Stay ahead, keep pace, fall behind: One may not welcome the choice, but denying there’s a choice in front of us will amount to making the wrong one.
Opponents of the Iran accord are right that the terms Kerry agreed to in Vienna deserve close scrutiny in the weeks before the September deadline, when Congress must vote its approval or rejection. But two weeks have passed already, and that’s not what we’ve had so far.
What we’ve had is a lot of political posing and grandstanding, and it simply won’t do. The reality beyond our shores is now emerging: Block this pact and the rest of the world will more or less ignore us.

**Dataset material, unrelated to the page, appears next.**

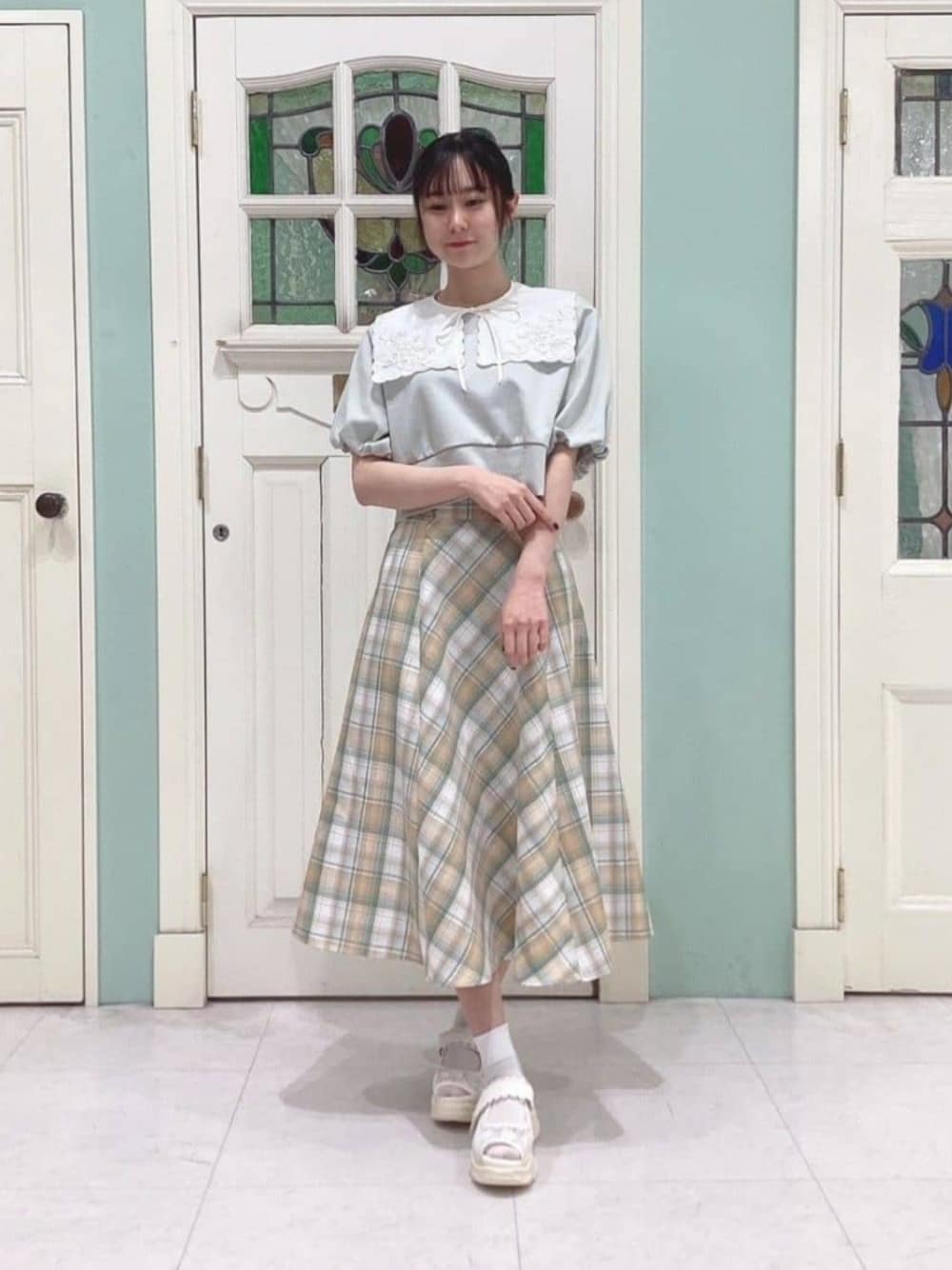 ☆スカート リアルバイアイテムです♪ 両サイドポケットがついておりとても便利です! 後ろが少しゴムタイプになっており、伸縮性が有ります。 ☆トップス 今回は肩のシアーリボンを取り外して着用しました。 リボンが着脱可能なのでコーデに合わせてお好みで変えられます! ☆付け襟 Tシャツやスウェット等 結びリボンタイプなので簡単に着脱出来ます♪ ☆サンダル 厚底ですがとても安定していて長時間疲れにくいです! 158cm/骨格ウェーブ/ブルベ冬/足のサイズ23.0〜23.5

Related: Obama’s Clean Power Plan Faces Tough Legal Scrutiny
Russia and China, as members of the P5 + 1 negotiating group, went along with sanctions against Iran and worked with the Americans and Europeans to get the deal done. It’s sheer illusion to think the world’s two largest non-Western powers will continue to cooperate if Washington insists sanctions remain in place.
The same point now applies to the Europeans.
A delegation of German officials flew to Tehran to pave the path for German businesses all of five days after the July 14 signing. Last week French Foreign Minister Laurent Fabius followed. Fabius, don’t forget, bargained hard for Iranian concessions and was several times willing to call the whole negotiation a scratch.
Italian cabinet ministers head to Tehran this Tuesday. And after them, the deluge. Some 70-odd execs from leading French companies, along with others from E.U. members, will start heading to Tehran in September.
Two truths here. One, American companies are already losing out on what Europeans describe as the Iranian “bonanza.” Two, the momentum in business and political circles alike is such that Europeans are no more likely than the Russians or Chinese to go along if Washington scotches the P5 + 1 accord.
Related: The Pros and Cons of Obama’s New Carbon Rule
Upsum: Those opposed to this pact are wasting valuable time turning this pact into a phony litmus test of patriotism, and they risk the very leadership role they claim most vigorously to stand for.
Want to know where the Europeans stand on climate change? A year ago the BBC Trust, the broadcaster’s governing body, ordered the editorial department to stop giving equal time to climate deniers, whose views it termed “marginal.” Miles ahead is the answer.
Germany’s Energiewende, or energy transition policy, is among the world’s most aggressive. By 2020 it wants a 40 percent reduction in greenhouse gas production from 1990 levels. After the Fukushima disaster in March 2011, Chancellor Merkel announced that Germany’s power grid is to be nuclear-free by 2022.
For the European Union, the target is to derive 20 percent of energy needs from renewable sources—hydro, wind, solar, and biomass—by the end of this decade. In Germany, renewables already account for nearly a third of generated power.
Related: Obama’s Global Warming Warning: It Can Make You Sick
Certainly there are transition problems—excellent as a sign that things are getting done. Americans face fewer such problems for the simple reason we’re not nearly as serious about transitioning out of fossil fuels.
Once again, we can lead or lag.
Late last year Obama signed an agreement with China committing the two nations to reduce carbon emissions. This column judged that modest at the time; what he’ll put on the table Monday marks a much more serious commitment.
The final version of the Clean Air Plan, which follows drafts issued in 2012 and 2014, calls for power plants to cut emissions by 32 percent from 2005 levels by 2030. It freezes construction of new coal plants and sets a target of 28 percent for renewables.
“This is the biggest, most important step we’ve ever taken to combat climate change,” the president said in a Facebook post at midnight Saturday. It is, even as it’s still far short of what others are doing.
Look at this from a global perspective and ask: Is this the moment to strand this policy in courts by filing dozens of lawsuits contesting it, as states, corporations, and industry associations intend? To put the point mildly, the world’s not hanging on the judicial rulings in these cases.
Many commentators have observed that Obama in his final year is the president he always intended to be. I agree. And it’s now obvious that his intent from the first was to force difficult questions upon us.
We’ve had two in the past two weeks.